* Your assignment:
Leave out the images and repeat the listing below without a single change.

* Data segment:
######
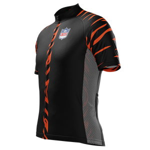 The Men's Cincinnati Football Short Sleeve Cycling Jersey features a moisture-wicking LEMBO 140 GSM polyester, cooling 110GSM mesh side panels, and reinforced stitched back pockets.
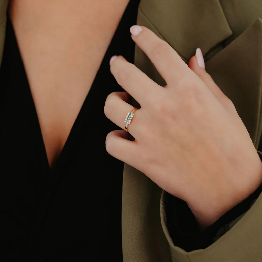 Turkuaz Detay Dikey Taş Altın Yüzük AAYZK0170
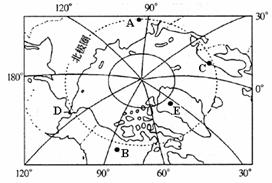 44、读“北极及其周围地区图”,回答下列问题。(5分)
######
* Solution to the exercise:
 The Men's Cincinnati Football Short Sleeve Cycling Jersey features a moisture-wicking LEMBO 140 GSM polyester, cooling 110GSM mesh side panels, and reinforced stitched back pockets.
 Turkuaz Detay Dikey Taş Altın Yüzük AAYZK0170
 44、读“北极及其周围地区图”,回答下列问题。(5分)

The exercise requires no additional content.